== Exercise description ==
Return exactly the lines below, starting with the one that has "Celebrazioni per l’anno" and going on through the one that has "ランドスケープや建築計画で重".

== The data ==
Segment Open

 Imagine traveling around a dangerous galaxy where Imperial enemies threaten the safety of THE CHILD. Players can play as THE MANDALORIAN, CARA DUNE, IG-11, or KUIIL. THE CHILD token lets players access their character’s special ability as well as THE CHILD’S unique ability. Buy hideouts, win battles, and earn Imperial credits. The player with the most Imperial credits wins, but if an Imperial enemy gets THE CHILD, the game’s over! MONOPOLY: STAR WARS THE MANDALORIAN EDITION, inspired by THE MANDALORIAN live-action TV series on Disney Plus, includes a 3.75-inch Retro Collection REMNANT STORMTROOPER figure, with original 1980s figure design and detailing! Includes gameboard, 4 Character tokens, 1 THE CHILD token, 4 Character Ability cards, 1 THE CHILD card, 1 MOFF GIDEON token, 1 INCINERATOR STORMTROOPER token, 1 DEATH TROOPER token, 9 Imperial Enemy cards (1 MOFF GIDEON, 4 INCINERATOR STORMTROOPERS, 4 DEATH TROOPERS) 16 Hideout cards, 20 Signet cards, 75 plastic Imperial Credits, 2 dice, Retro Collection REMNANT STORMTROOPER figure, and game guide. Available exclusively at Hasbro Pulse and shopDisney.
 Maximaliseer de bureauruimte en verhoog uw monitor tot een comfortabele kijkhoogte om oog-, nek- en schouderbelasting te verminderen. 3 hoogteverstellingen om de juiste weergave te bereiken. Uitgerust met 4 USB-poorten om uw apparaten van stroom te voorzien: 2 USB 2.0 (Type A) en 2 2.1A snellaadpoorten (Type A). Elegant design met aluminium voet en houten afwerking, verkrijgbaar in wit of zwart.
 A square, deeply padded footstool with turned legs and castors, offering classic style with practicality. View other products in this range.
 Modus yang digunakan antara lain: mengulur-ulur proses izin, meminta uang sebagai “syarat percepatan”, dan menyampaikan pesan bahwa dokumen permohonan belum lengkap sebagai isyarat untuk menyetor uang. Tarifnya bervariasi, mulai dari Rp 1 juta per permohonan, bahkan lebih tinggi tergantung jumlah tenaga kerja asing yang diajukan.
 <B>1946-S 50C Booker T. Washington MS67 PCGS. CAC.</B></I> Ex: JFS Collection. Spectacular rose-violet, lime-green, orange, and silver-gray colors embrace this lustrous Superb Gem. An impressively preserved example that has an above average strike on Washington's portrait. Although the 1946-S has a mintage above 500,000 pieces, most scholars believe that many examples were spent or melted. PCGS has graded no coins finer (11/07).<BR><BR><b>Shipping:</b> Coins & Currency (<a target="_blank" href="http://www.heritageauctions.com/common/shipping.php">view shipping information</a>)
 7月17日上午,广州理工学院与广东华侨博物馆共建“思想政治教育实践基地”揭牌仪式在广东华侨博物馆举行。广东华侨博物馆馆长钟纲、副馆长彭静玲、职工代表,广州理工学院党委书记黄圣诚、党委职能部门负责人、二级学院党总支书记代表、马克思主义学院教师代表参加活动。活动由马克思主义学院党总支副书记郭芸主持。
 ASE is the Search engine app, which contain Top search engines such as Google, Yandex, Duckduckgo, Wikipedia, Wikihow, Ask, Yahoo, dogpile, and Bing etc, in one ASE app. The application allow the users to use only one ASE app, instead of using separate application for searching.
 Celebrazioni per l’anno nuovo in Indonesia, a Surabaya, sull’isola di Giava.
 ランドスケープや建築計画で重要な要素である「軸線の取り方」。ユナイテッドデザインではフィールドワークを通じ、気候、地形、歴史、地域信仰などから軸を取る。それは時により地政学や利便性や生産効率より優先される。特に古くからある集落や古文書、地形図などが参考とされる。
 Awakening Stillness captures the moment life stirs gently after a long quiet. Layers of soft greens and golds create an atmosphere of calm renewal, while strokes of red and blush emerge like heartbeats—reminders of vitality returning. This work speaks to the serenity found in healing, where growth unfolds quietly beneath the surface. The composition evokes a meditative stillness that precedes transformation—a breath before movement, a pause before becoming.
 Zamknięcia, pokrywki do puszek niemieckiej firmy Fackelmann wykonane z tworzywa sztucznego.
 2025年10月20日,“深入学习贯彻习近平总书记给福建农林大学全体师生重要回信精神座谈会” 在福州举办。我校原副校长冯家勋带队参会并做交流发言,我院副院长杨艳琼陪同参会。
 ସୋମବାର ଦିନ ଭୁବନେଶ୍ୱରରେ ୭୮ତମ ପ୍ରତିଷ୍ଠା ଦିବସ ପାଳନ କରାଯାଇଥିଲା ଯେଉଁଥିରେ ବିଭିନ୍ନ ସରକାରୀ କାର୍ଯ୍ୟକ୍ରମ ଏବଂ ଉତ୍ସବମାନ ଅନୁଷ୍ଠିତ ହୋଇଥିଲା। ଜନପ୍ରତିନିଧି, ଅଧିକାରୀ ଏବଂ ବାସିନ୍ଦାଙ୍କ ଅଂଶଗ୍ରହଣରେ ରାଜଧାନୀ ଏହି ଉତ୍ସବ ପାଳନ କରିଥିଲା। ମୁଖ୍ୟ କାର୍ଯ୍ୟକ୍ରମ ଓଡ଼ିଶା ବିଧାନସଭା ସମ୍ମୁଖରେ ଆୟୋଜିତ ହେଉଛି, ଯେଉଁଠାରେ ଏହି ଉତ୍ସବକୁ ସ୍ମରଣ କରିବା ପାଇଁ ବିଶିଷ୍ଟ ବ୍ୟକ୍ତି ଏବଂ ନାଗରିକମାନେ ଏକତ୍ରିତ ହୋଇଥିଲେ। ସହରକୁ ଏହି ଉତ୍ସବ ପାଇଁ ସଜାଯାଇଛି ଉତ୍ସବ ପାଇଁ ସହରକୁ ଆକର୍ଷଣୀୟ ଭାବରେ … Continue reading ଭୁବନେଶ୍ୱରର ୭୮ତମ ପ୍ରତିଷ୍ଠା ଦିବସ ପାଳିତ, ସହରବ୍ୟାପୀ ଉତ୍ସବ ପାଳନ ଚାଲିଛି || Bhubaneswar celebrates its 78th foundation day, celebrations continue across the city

Segment Closed

== Task response ==
 Celebrazioni per l’anno nuovo in Indonesia, a Surabaya, sull’isola di Giava.
 ランドスケープや建築計画で重要な要素である「軸線の取り方」。ユナイテッドデザインではフィールドワークを通じ、気候、地形、歴史、地域信仰などから軸を取る。それは時により地政学や利便性や生産効率より優先される。特に古くからある集落や古文書、地形図などが参考とされる。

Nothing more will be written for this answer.